▶ **TASK STATEMENT**
Copy nothing but the lines from the one containing "Roliga födelsedagskort för" through the last line of the records, repeated exactly and without pictures.

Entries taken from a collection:
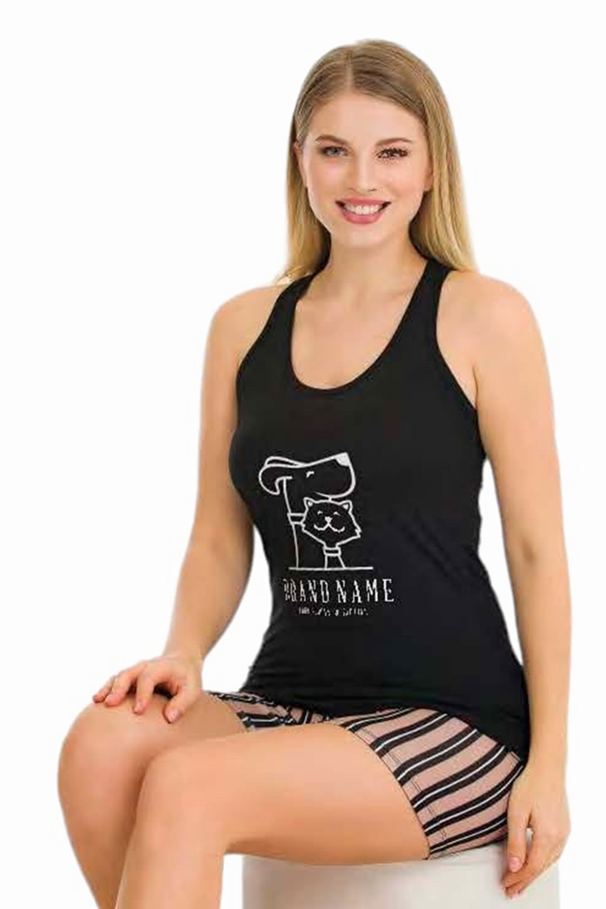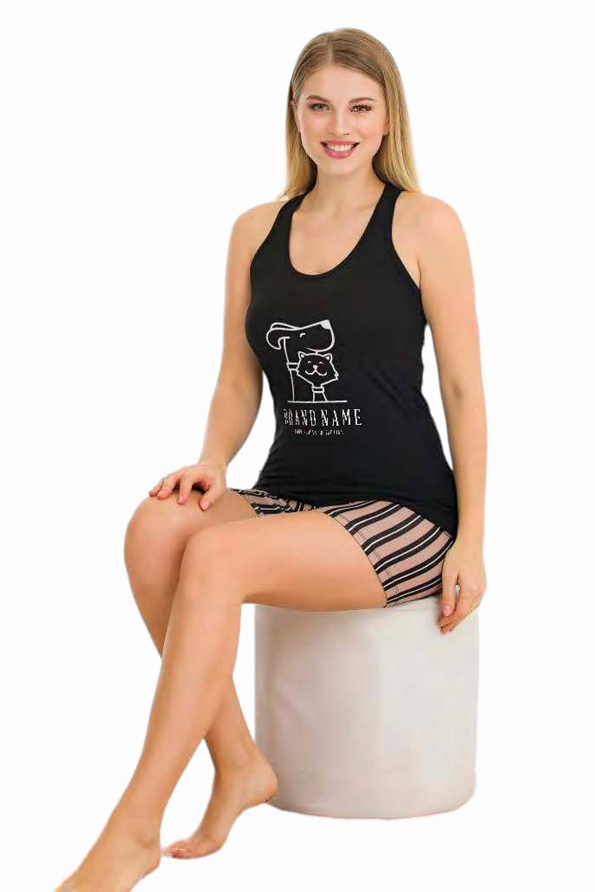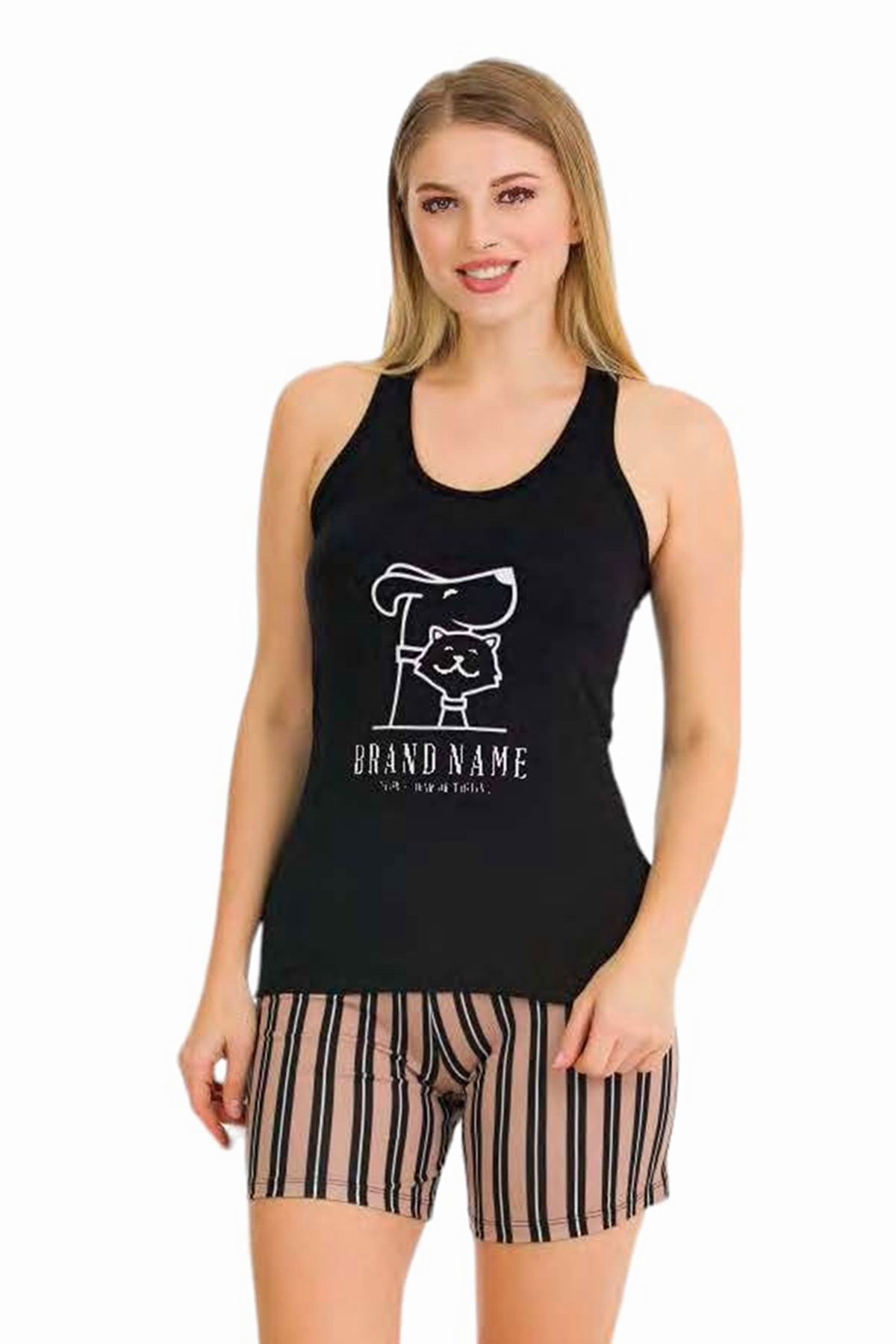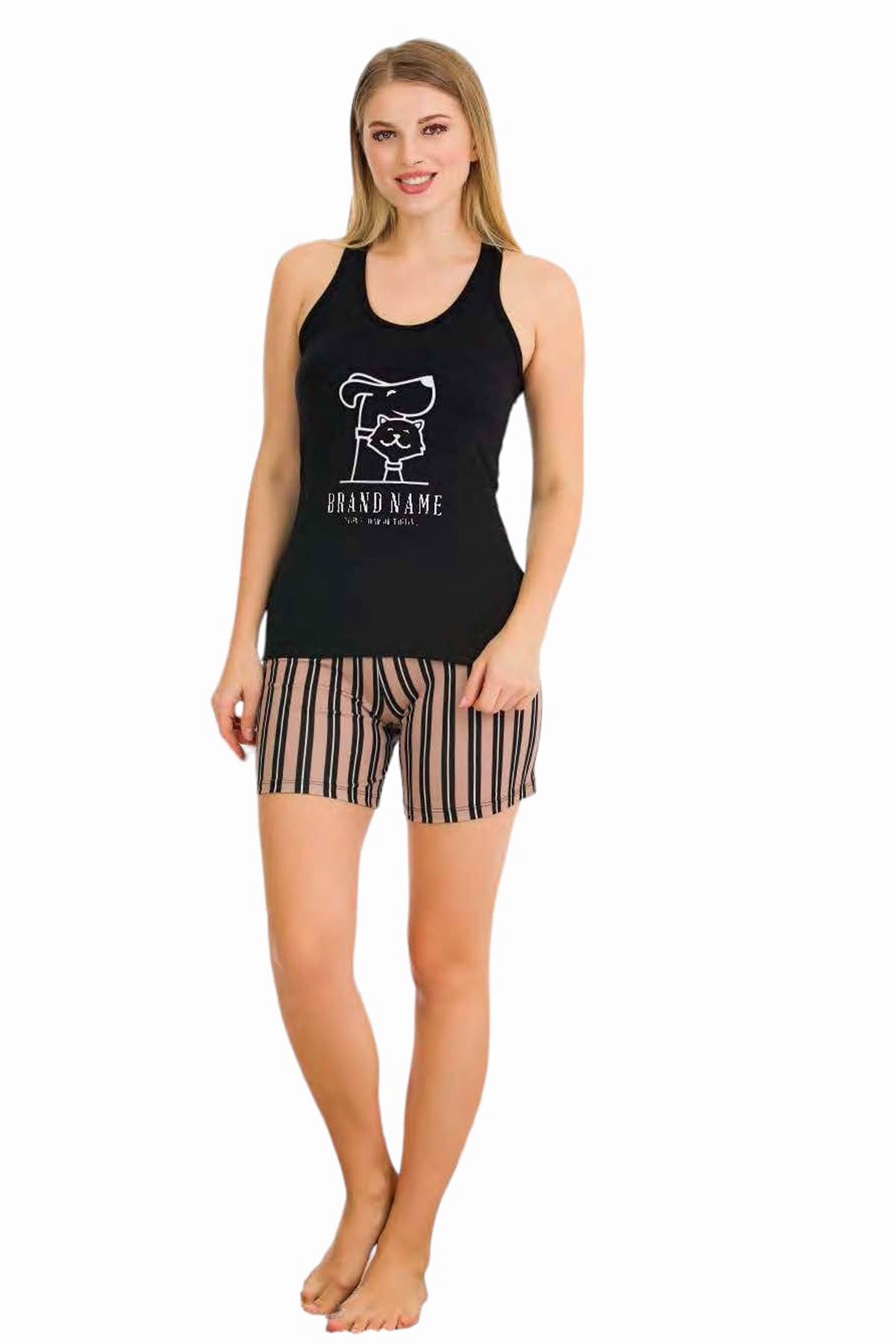 Lady 7711 Siyah Renk, Çizgili Desen Askılı Kol ve Şortlu Penye Pijama Takımı
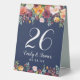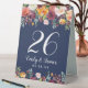 Les cartes de numéro de table de mariage de style romantique rustique présentent un monogramme élégant avec des chiffres encadrés par une aquarelle fleurie avec de beaux roses, dahlias, des fleurs de pivoines et de la verdure, dans une magnifique palette automnale de rouge bordeaux, jaune doré, orange pêche, rose roux et tons verts. Bleu marine riche couleur arrière - plan.
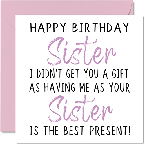 Roliga födelsedagskort för syster från syster – grattis på födelsedagen syster ingen gåva – födelsedagskort från syskon Sis, syster oförskämt banter födelsedagspresenter, 145 mm x 145 mm skämt humor gratulationskort för henne
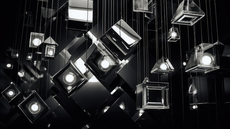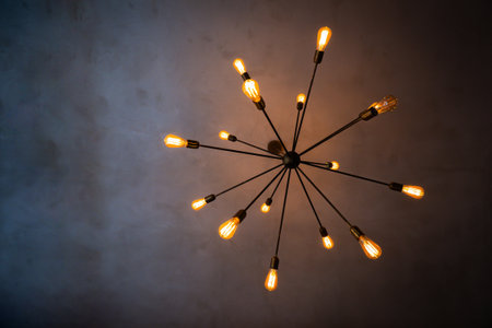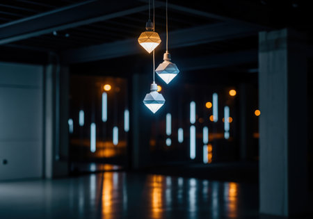 A dark room with a high ceiling adorned with modern, decorative electric lamps. The warm, diffused light creates a cozy ambiance, with ample space left in the background for text or additional elements.
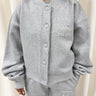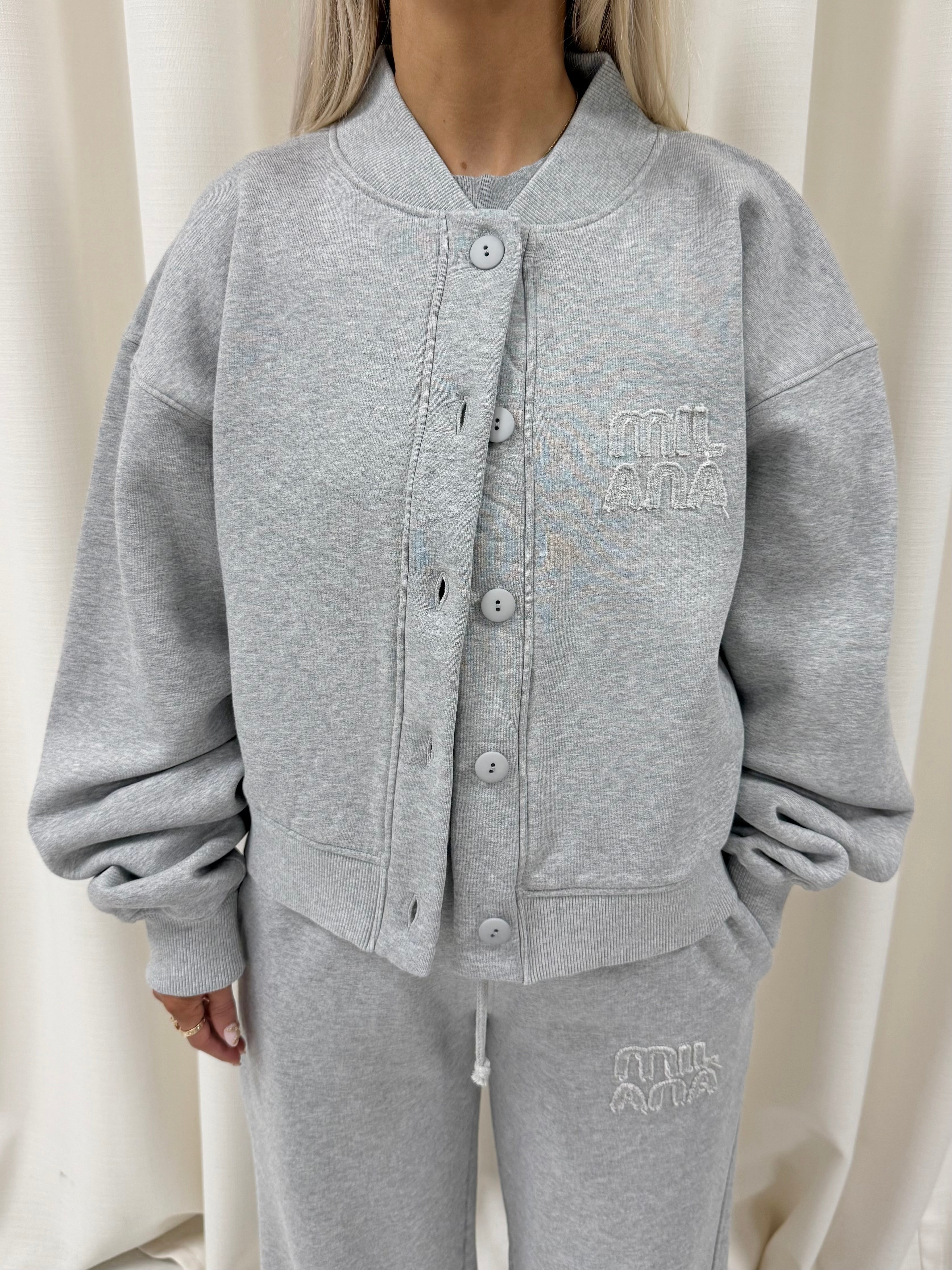 The Marl Grey Heavyweight jersey bomber jacket has landed. One of our favorite colours this season has arrived in one of our most popular jackets. The design is complete with a side chest appliqué Milana logo, introducing a subtle yet distinctive statement of identity. The button-up front replaces the traditional zipper for a more elevated aesthetic, while the ribbed collar, cuffs, and hem maintain the bomber’s timeless shape.

▶ **THE COMPLETED TASK**
 Roliga födelsedagskort för syster från syster – grattis på födelsedagen syster ingen gåva – födelsedagskort från syskon Sis, syster oförskämt banter födelsedagspresenter, 145 mm x 145 mm skämt humor gratulationskort för henne
 A dark room with a high ceiling adorned with modern, decorative electric lamps. The warm, diffused light creates a cozy ambiance, with ample space left in the background for text or additional elements.
 The Marl Grey Heavyweight jersey bomber jacket has landed. One of our favorite colours this season has arrived in one of our most popular jackets. The design is complete with a side chest appliqué Milana logo, introducing a subtle yet distinctive statement of identity. The button-up front replaces the traditional zipper for a more elevated aesthetic, while the ribbed collar, cuffs, and hem maintain the bomber’s timeless shape.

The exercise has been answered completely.